* **Task goal**: Every line from the one with "轉知花蓮縣政府員工協助方案資源地圖4張及資源一覽表1份" through the end of the entries below should be written out exactly; the pictures should not.

* **Dataset records**:
+ + + + + + +

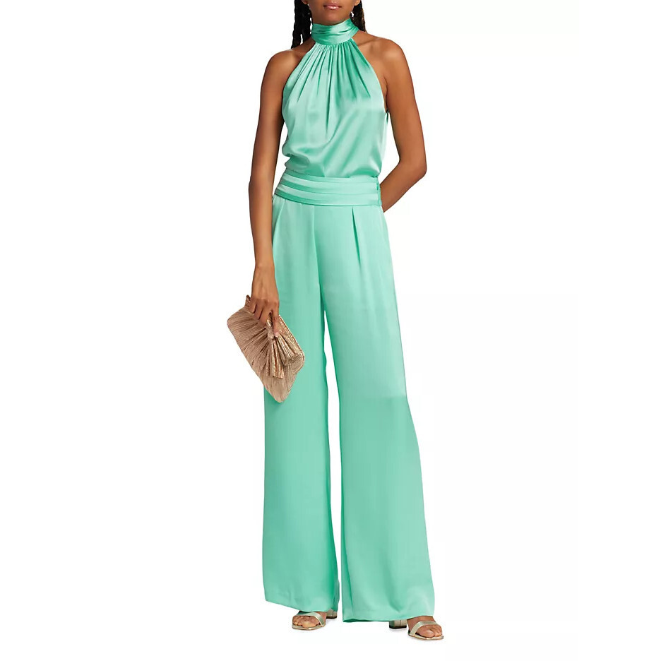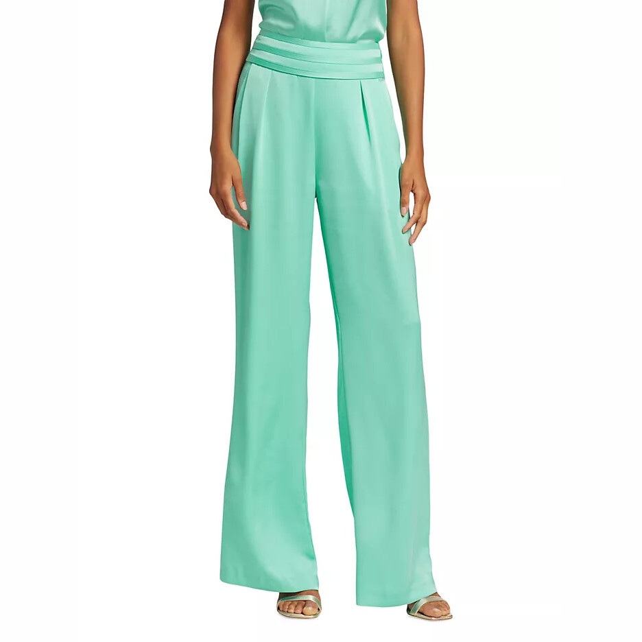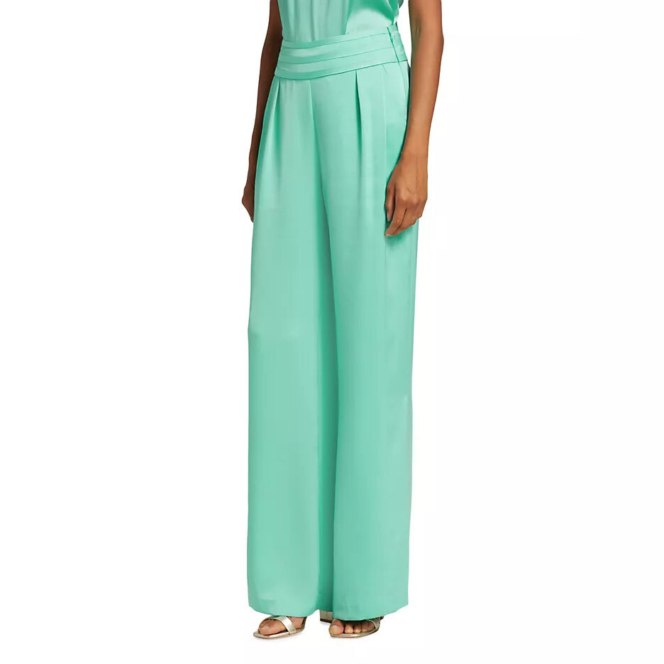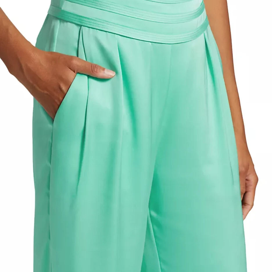 Wide-leg pants made of flowing fabric. Banded waist Side slit pockets Back jetted pockets Side zip closure 100% polyester Dry clean Imported SIZE & FIT Inseam, about 29" New with tags...
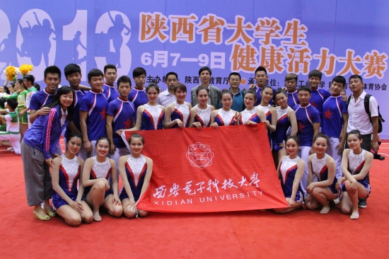西电新闻网讯 近日,2013年陕西省大学生健康活力大赛在西北工业大学长安校区翱翔体育馆举行,来自全省46所高校的1146名运动员参加。永利yl23411集团啦啦操队取得团体总分第二名,多个项目第一名的好成绩。
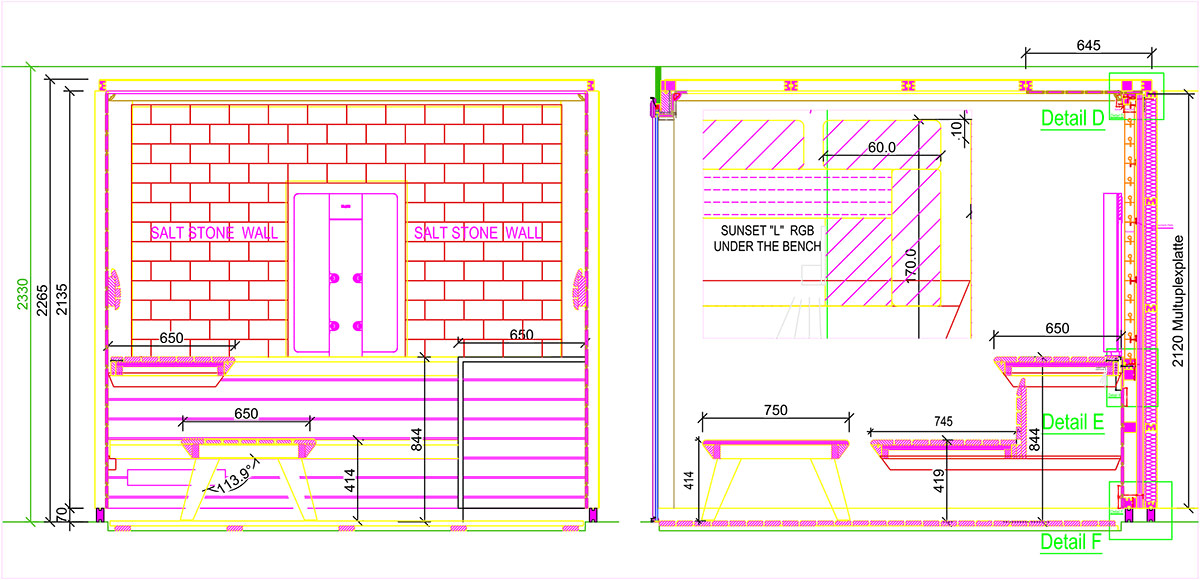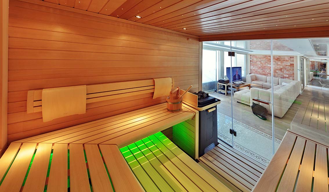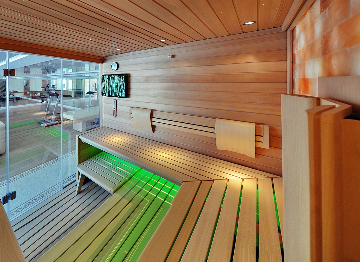 Сауна выполнена на заказ по эскизам дизайнера компанией KLAFS. Проект выделяют эргономичные нижние сиденья-скамьи и инфракрасная панель, вмонтированная в стену с солевыми кирпичами. «Звездное небо», цветозвуковое устройство AQUAVIVA, вмонтированная под сиденья LED-подсветка и солевые кирпичи — все располагает к отдыху и релаксации.
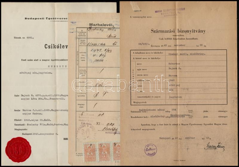 1939-1943 "Amica" és "Hubertus" nevű versenylovak ... https://www.darabanth.com/hu/318-Gyorsarveres/318.0/Festmeny-mutargy-papirregiseg-egyeb/Okmanyok~16/1939-1943-Amica-es-Hubertus-nevu-versenylovak-szarmazasi-igazolvanya-csikolevele-stb-6~II1754891
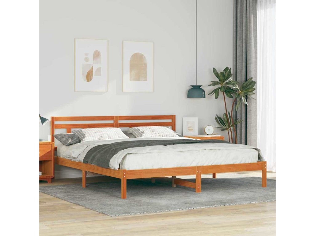 Rám postele s čelo Hnědá Borové dřevo [872364]
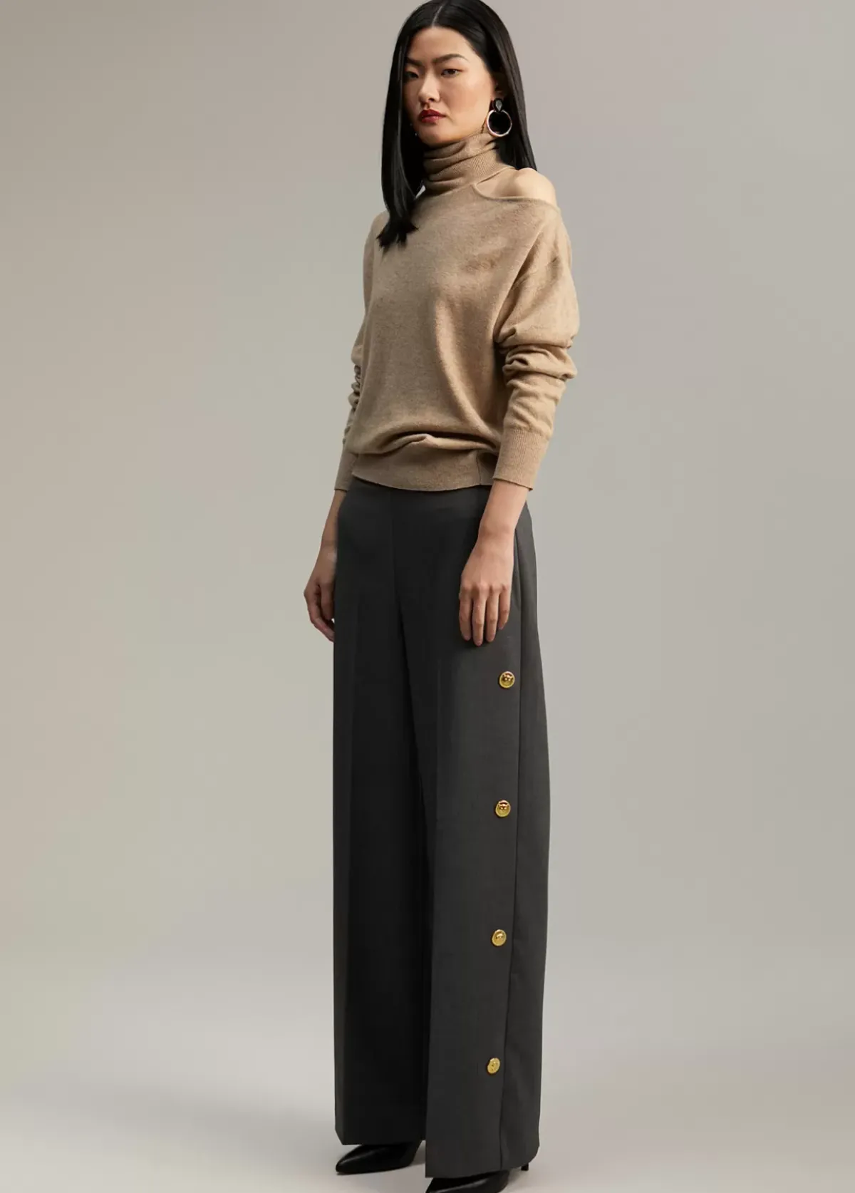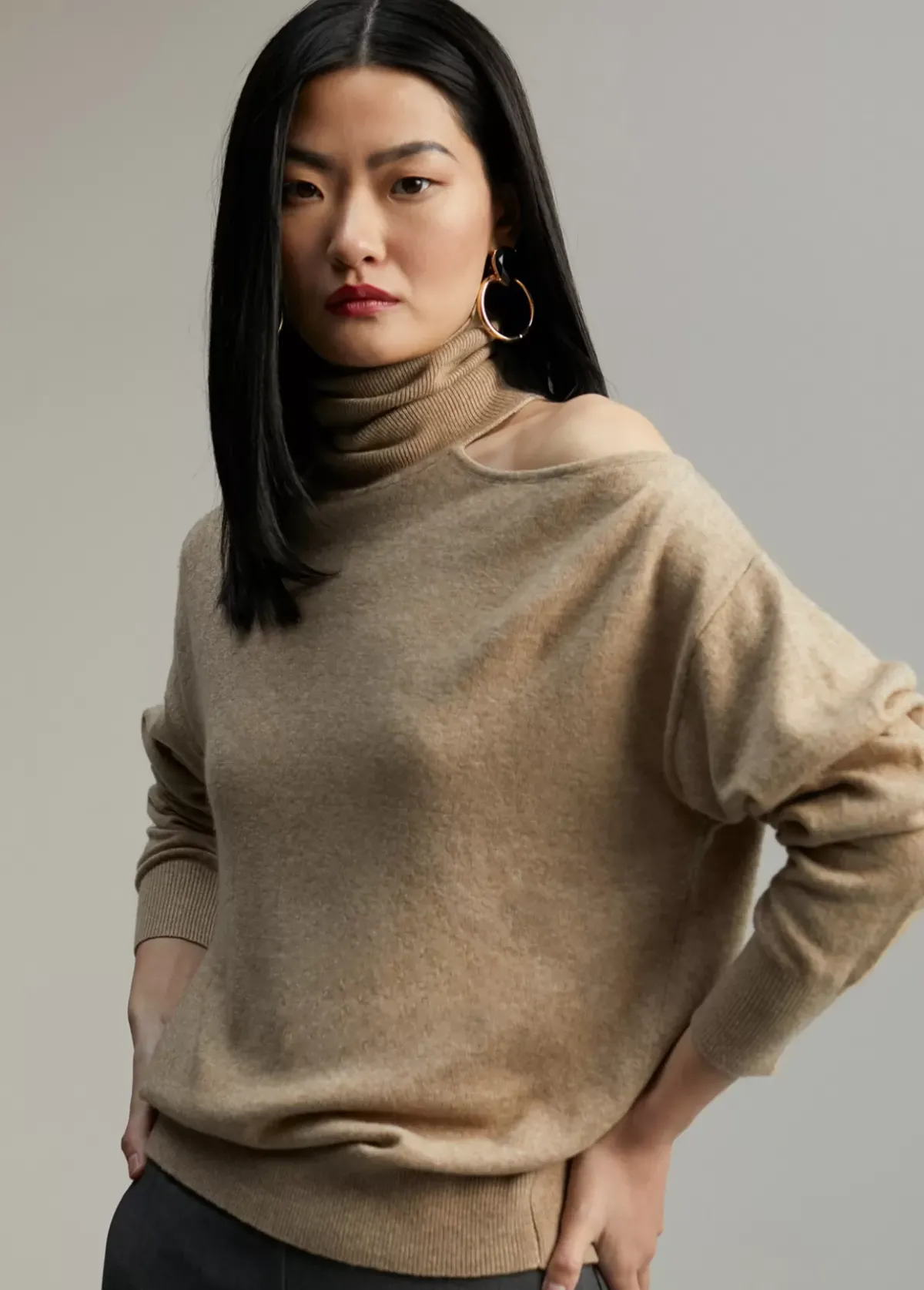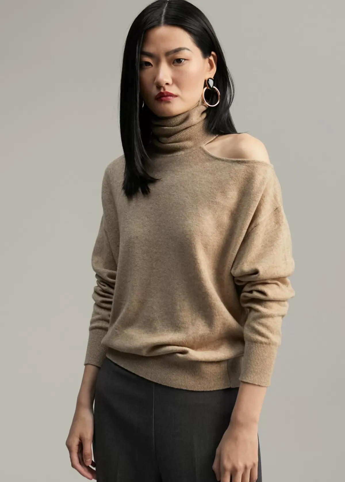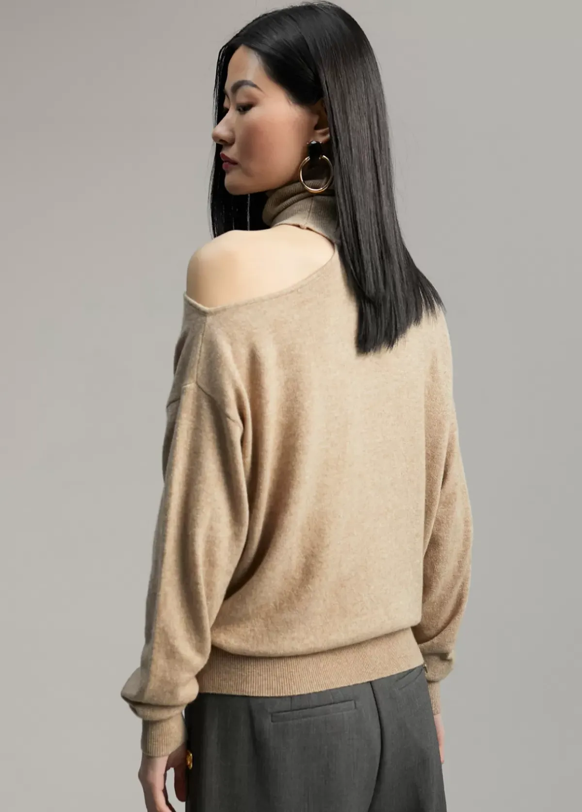 Jersey cuello alto y manga larga. Detalle de abertura en hombro.
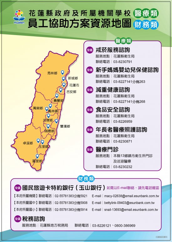轉知花蓮縣政府員工協助方案資源地圖4張及資源一覽表1份
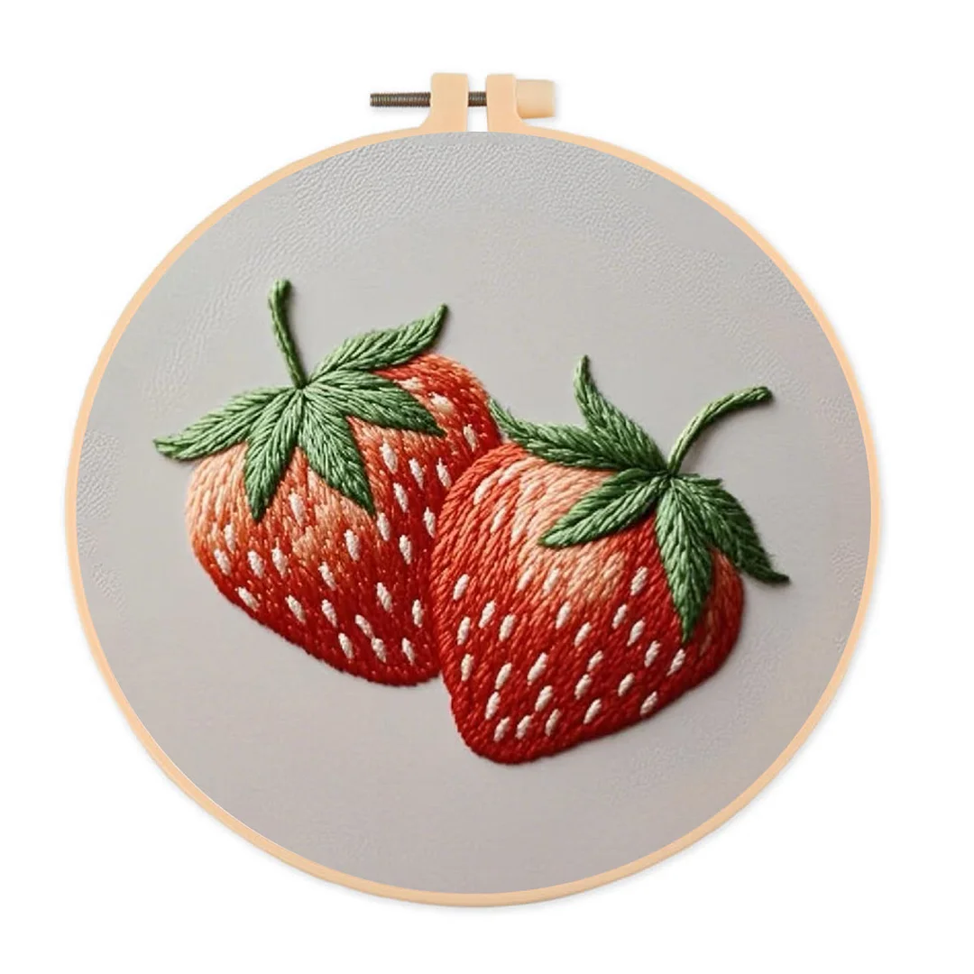 Embroidery Kit- Two Big Strawberries | For Beginners DIY Craft Kits

+ + + + + + +

* **Solution**:
轉知花蓮縣政府員工協助方案資源地圖4張及資源一覽表1份
 Embroidery Kit- Two Big Strawberries | For Beginners DIY Craft Kits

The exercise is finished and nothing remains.